The final compensation to be issued by courts in IP litigation shall be calculated according to the losses suffered by the plaintiff or the benefits gained by the defendant pursuant to Chinese laws. If the actual amount can not be ascertained, the judge has the authority to rule damages up to 1 million RMB from case to case on the basis of the specific circumstance, which is called the statutory damages. Nowadays, the damages of most cases are not high enough because it is difficult to produce evidence for the losses and the statutory damages are always applied. For example, in a design patent infringement case, if the plaintiff can not produce evidences of the sales volume, the sale price and the gained profits from the sales of the counterfeit products, Guangzhou Intermediate Court usually rules the damages to 80,000 to 100,000. Though the damage is not very high, the court can render a judgment that the defendant must stop the infringement. Of course, there have always been some exceptions. For example, in Shanghai Panati Wine Company vs. Castel Freres SAS, the damages for trademark infringement are as high as 33.73 million. That’s because the plaintiff had obtained evidence regarding sales of products from the Customs and calculated the losses according to the average profit margin of the same industry. Hence, it is very important to obtain the Customs statistics on import and export if such record is available.

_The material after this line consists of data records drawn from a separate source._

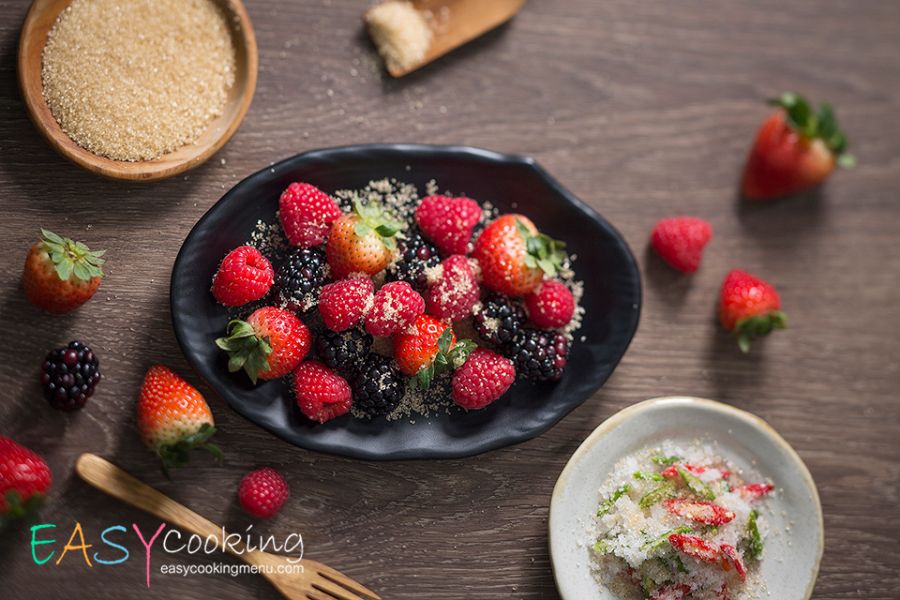 3. นำสตรอเบอร์รี่ ราสเบอร์รี่ คลุกกับพริกเกลือ หรือ จิ้ม ตามความชอบ
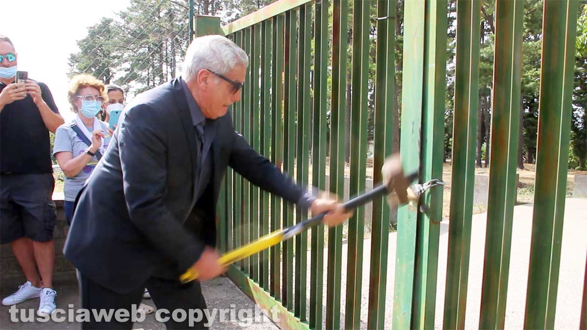 Viterbo – Aperto sì, ma a colpi di mazzetta. Poi, a un certo punto, per caso, è arrivata la chiave del cancello. Anche perché il lucchetto stava resistendo a tutto. “Pija la mazza – ha detto a un certo punto il sindaco Giovanni Arena -, sfascio tutto!”. Inaugurazione del parco Norma Cossetto a San Martino, comune di Viterbo. Poco fa.
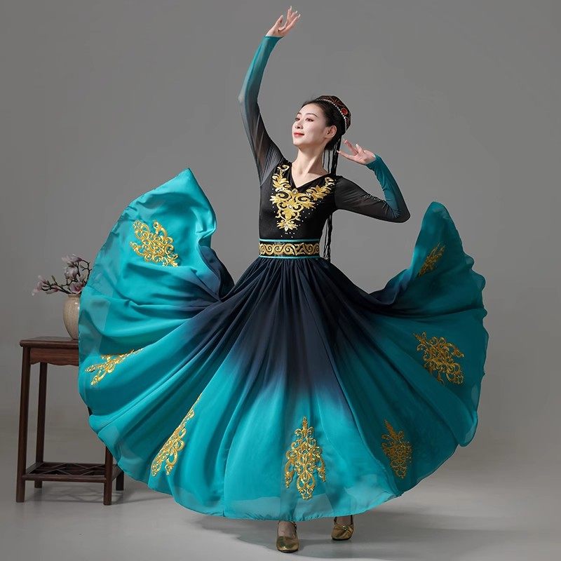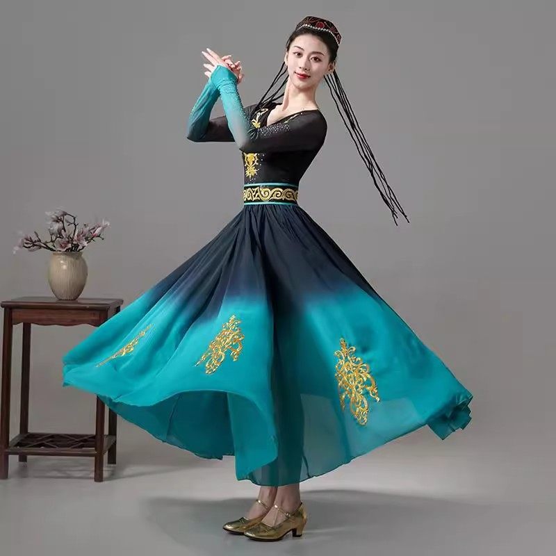 新款 维吾尔族舞蹈服大摆裙民族风舞台演出服艺考新疆舞演出服饰
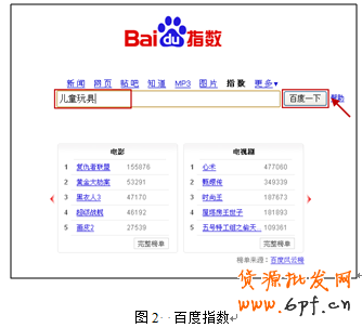 現(xiàn)在就打開【百度指數(shù)】首頁,在搜索欄中,輸入你網(wǎng)站的主要目標關鍵詞“兒童玩具”,如圖2所示,單擊“百度一下”按鈕。
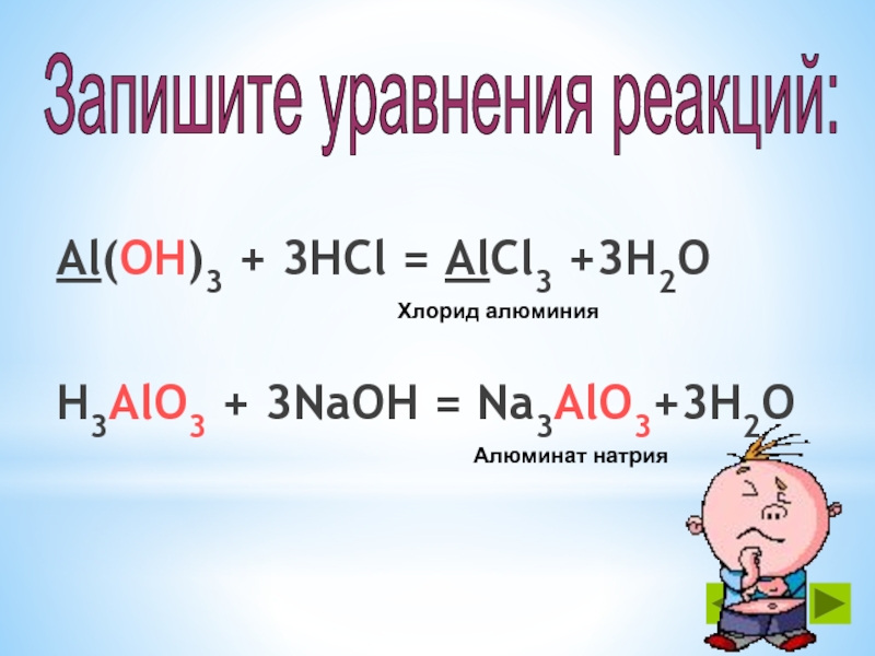 Слайд 43Гидроксид алюминия можно записать как основание и как кислоту
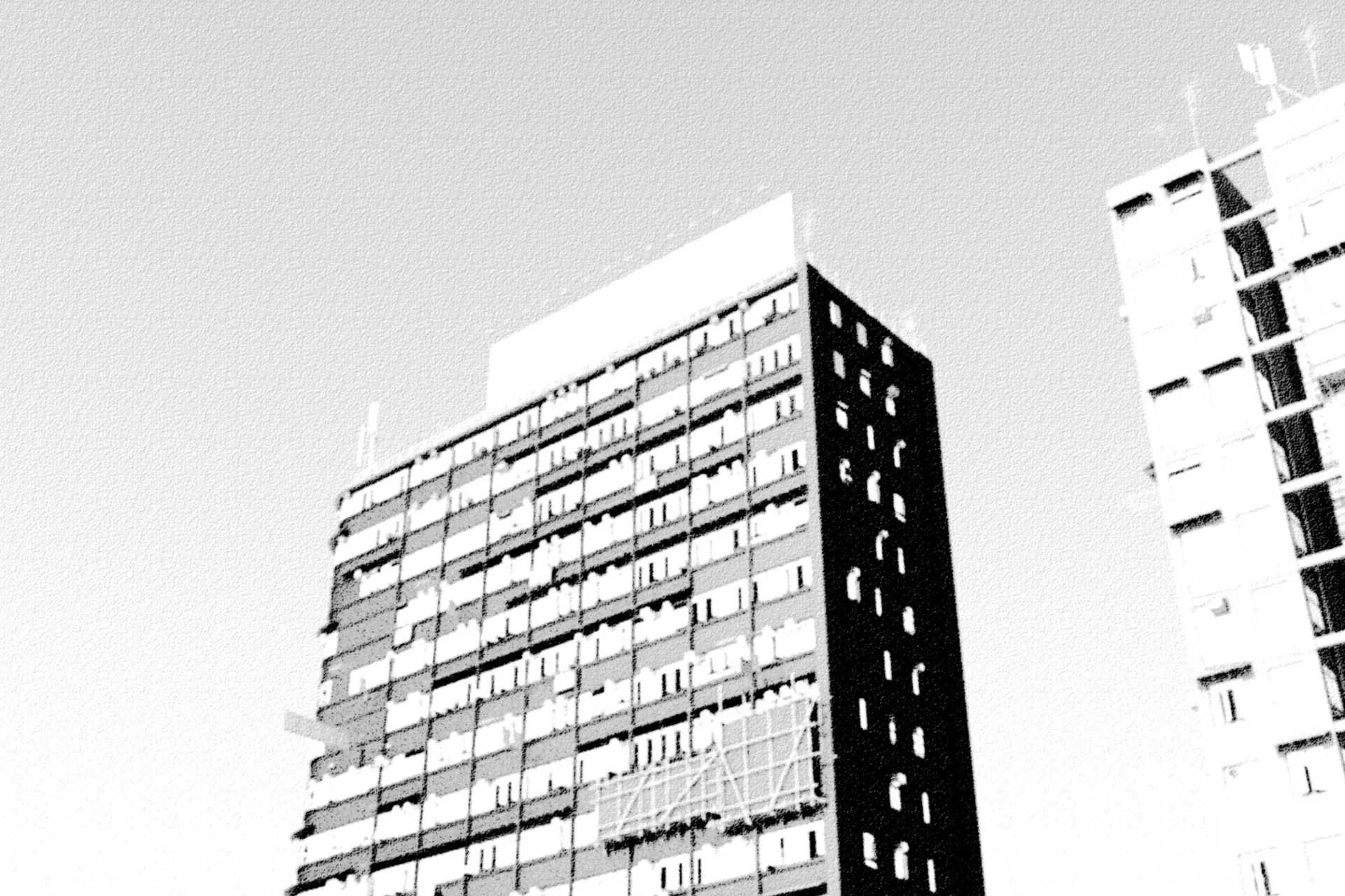 I processed a picture from my conceptual design and got a similar monochrome low-detail high-noise style. The low-detail and high-noise styles imitate the effect of underexposure when taking photos in low-light places. It is used to describe the life of people who are inverted black and white and unable to sleep at night.
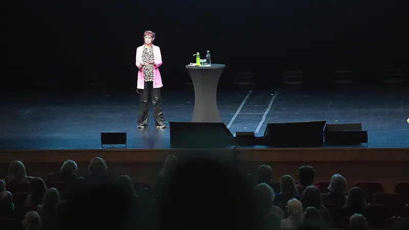 Föreläsaren Joanna Halvardsson tog med deltagarna på sin 25-åriga resa inom psykiatrin. I en gripande, rolig och informativ föreläsning berättade hon hur hon fastnade i psykiatrins karusell, om kampen om att få rätt vård, och om hur hon tog sig ur den.
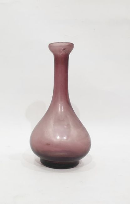 Amethyst glass bottle vase and pair of miniature verre eglomise baluster vases, footed and ribbed, 7.5 inches high (3)
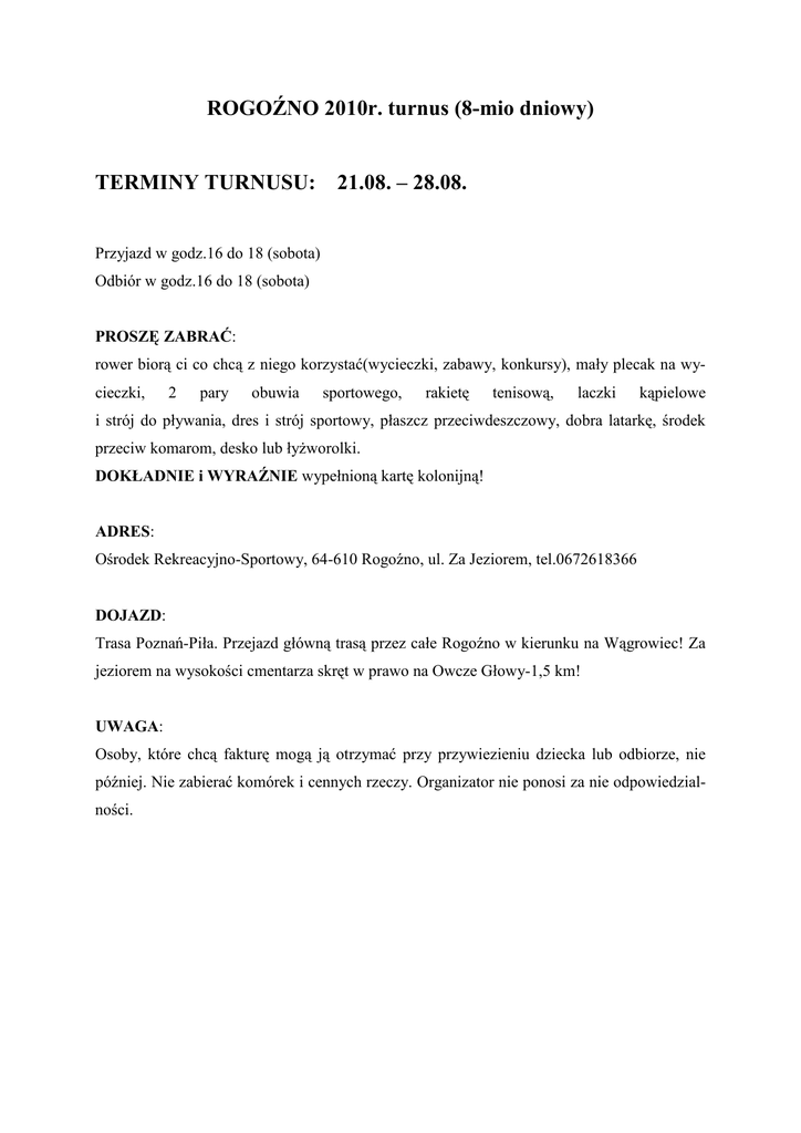 ROGOŹNO 2010r. turnus (8-mio dniowy)

To summarize, there is no discovery process in Chinese civil litigation which is totally different with the common law system. Therefore, the plaintiff and its attorneys shall produce all evidences at the beginning, such as the origin of rights, the acts of infringement and the losses suffered. Compared to the defendant, the work of the plaintiff’s attorneys will be much harder and they need to do more work. In a word, IP litigation is really complicated in China and professional attorneys are always required to be involved into the whole strategic planning and tactics arrangement for the litigation. Without such involvement, there will never be an ideal outcome.